* WHAT YOU HAVE TO DO: The listing below holds pictures; exclude them. Return exactly the lines from the one with "ДИСК АЛМАЗНЫЙ сегментир" through the one with "Bej renk, keten".

* STUDY MATERIAL:
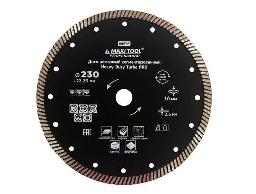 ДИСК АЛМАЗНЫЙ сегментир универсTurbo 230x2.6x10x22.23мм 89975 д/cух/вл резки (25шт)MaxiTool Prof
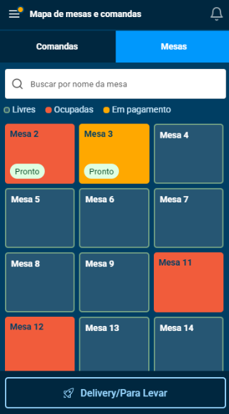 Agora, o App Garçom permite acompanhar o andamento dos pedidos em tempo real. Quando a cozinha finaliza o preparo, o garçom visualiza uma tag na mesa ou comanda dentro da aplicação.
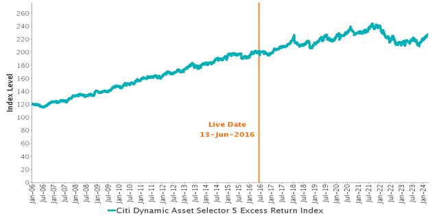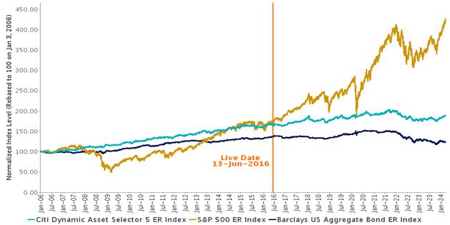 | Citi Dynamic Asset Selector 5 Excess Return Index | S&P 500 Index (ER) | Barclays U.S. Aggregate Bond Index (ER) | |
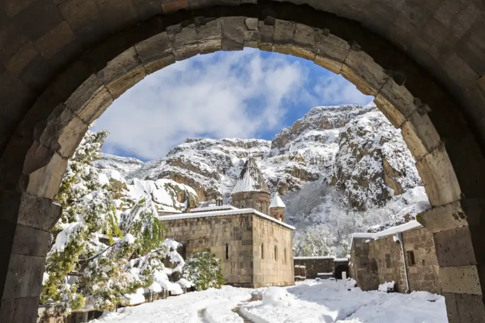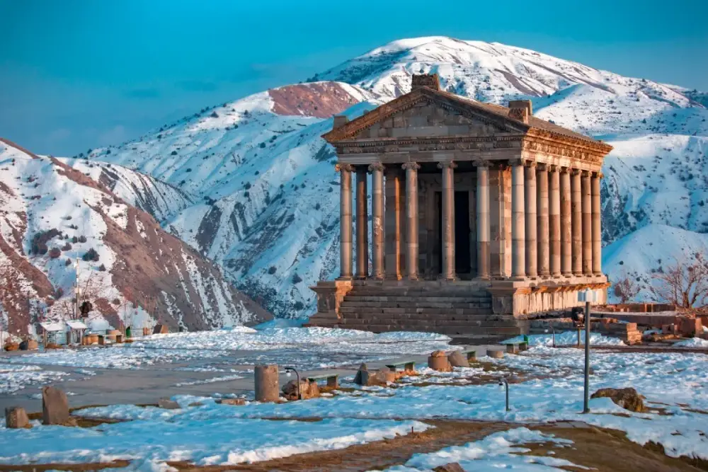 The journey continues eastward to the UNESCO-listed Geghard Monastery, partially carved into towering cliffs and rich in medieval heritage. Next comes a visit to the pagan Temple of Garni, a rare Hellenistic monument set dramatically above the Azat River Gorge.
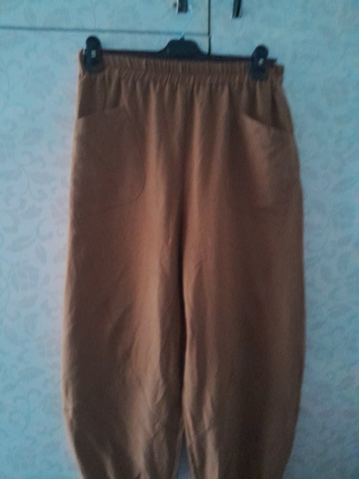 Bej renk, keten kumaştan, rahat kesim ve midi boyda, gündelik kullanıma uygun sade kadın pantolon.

==

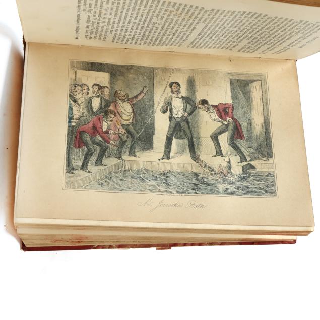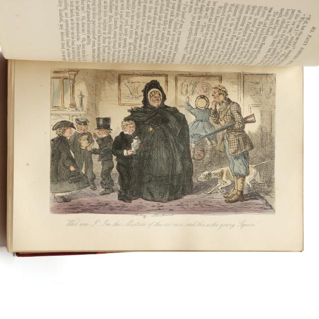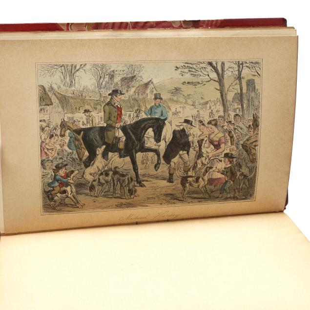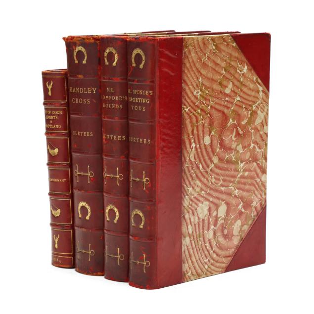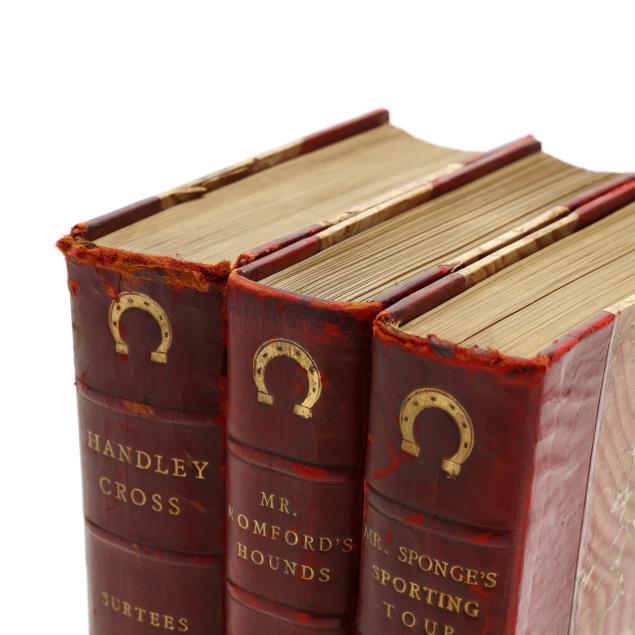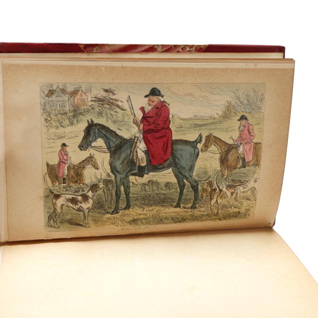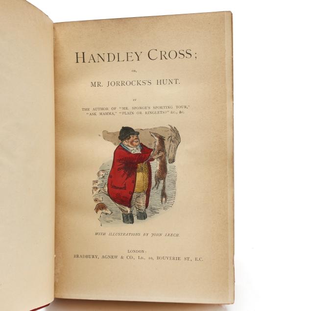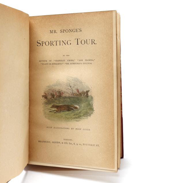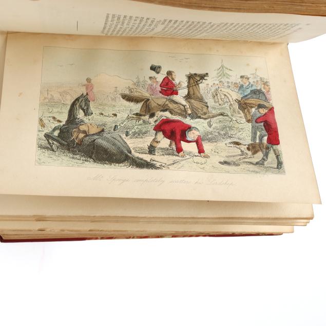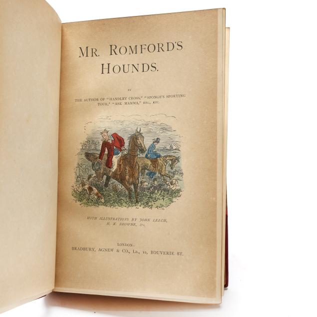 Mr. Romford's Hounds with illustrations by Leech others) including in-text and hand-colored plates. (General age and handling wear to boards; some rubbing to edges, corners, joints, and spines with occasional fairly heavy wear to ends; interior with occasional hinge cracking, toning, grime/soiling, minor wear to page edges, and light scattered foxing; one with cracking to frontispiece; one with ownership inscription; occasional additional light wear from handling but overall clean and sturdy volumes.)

* FINISHED EXERCISE:
 ДИСК АЛМАЗНЫЙ сегментир универсTurbo 230x2.6x10x22.23мм 89975 д/cух/вл резки (25шт)MaxiTool Prof
 Agora, o App Garçom permite acompanhar o andamento dos pedidos em tempo real. Quando a cozinha finaliza o preparo, o garçom visualiza uma tag na mesa ou comanda dentro da aplicação.
 | Citi Dynamic Asset Selector 5 Excess Return Index | S&P 500 Index (ER) | Barclays U.S. Aggregate Bond Index (ER) | |
 The journey continues eastward to the UNESCO-listed Geghard Monastery, partially carved into towering cliffs and rich in medieval heritage. Next comes a visit to the pagan Temple of Garni, a rare Hellenistic monument set dramatically above the Azat River Gorge.
 Bej renk, keten kumaştan, rahat kesim ve midi boyda, gündelik kullanıma uygun sade kadın pantolon.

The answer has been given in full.